- _ASSIGNMENT_: The records below are to be reproduced exactly, with the pictures left out.

····················

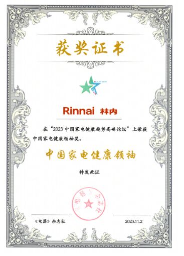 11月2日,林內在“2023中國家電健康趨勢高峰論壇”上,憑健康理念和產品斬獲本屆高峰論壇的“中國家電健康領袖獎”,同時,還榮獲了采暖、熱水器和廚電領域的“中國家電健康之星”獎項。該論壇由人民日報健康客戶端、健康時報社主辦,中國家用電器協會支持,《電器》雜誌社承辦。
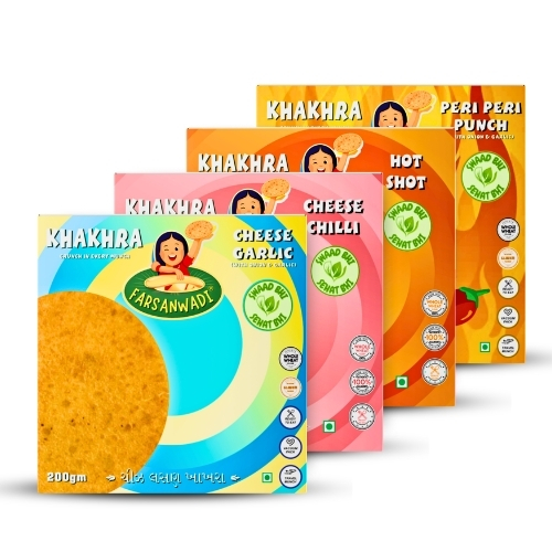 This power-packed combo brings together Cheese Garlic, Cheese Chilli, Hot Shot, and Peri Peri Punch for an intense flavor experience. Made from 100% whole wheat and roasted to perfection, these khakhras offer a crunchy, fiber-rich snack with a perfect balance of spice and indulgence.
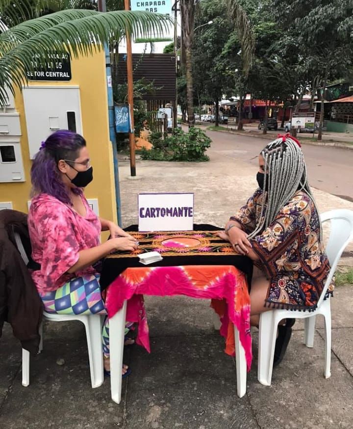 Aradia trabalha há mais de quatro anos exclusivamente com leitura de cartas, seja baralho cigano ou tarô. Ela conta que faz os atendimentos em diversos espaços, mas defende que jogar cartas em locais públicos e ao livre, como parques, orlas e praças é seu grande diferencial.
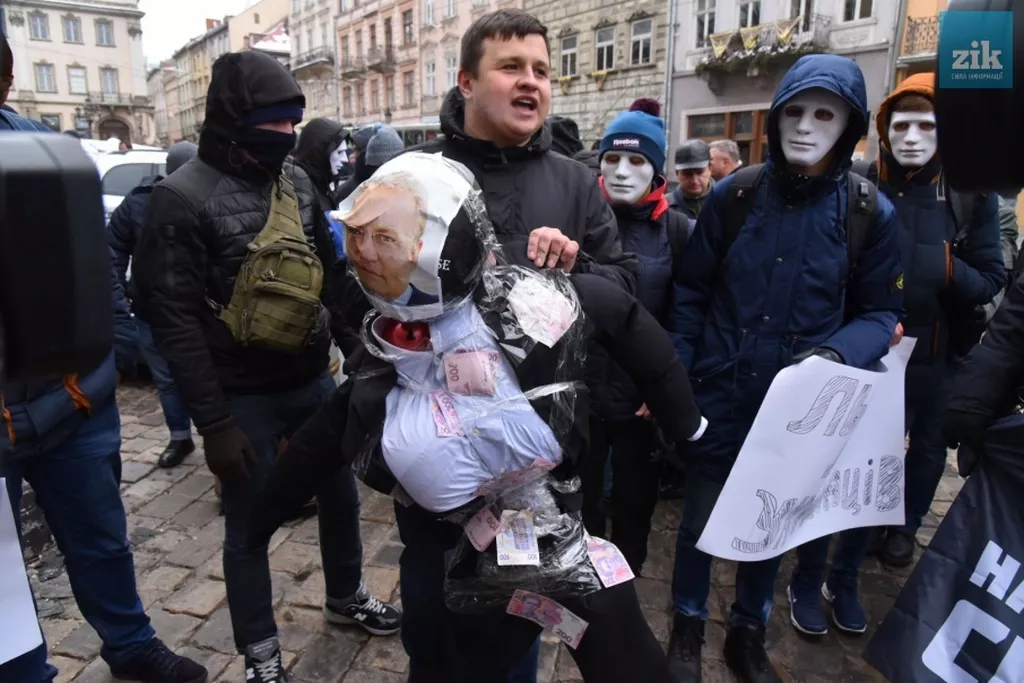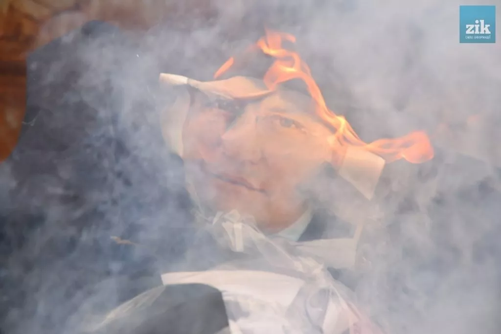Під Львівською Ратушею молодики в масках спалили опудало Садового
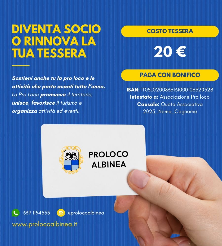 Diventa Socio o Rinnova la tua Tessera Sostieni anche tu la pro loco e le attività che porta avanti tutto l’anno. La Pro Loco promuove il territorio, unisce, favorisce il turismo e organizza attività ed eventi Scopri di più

····················

- _EXPECTED ANSWER_:
 11月2日,林內在“2023中國家電健康趨勢高峰論壇”上,憑健康理念和產品斬獲本屆高峰論壇的“中國家電健康領袖獎”,同時,還榮獲了采暖、熱水器和廚電領域的“中國家電健康之星”獎項。該論壇由人民日報健康客戶端、健康時報社主辦,中國家用電器協會支持,《電器》雜誌社承辦。
 This power-packed combo brings together Cheese Garlic, Cheese Chilli, Hot Shot, and Peri Peri Punch for an intense flavor experience. Made from 100% whole wheat and roasted to perfection, these khakhras offer a crunchy, fiber-rich snack with a perfect balance of spice and indulgence.
 Aradia trabalha há mais de quatro anos exclusivamente com leitura de cartas, seja baralho cigano ou tarô. Ela conta que faz os atendimentos em diversos espaços, mas defende que jogar cartas em locais públicos e ao livre, como parques, orlas e praças é seu grande diferencial.
Під Львівською Ратушею молодики в масках спалили опудало Садового
 Diventa Socio o Rinnova la tua Tessera Sostieni anche tu la pro loco e le attività che porta avanti tutto l’anno. La Pro Loco promuove il territorio, unisce, favorisce il turismo e organizza attività ed eventi Scopri di più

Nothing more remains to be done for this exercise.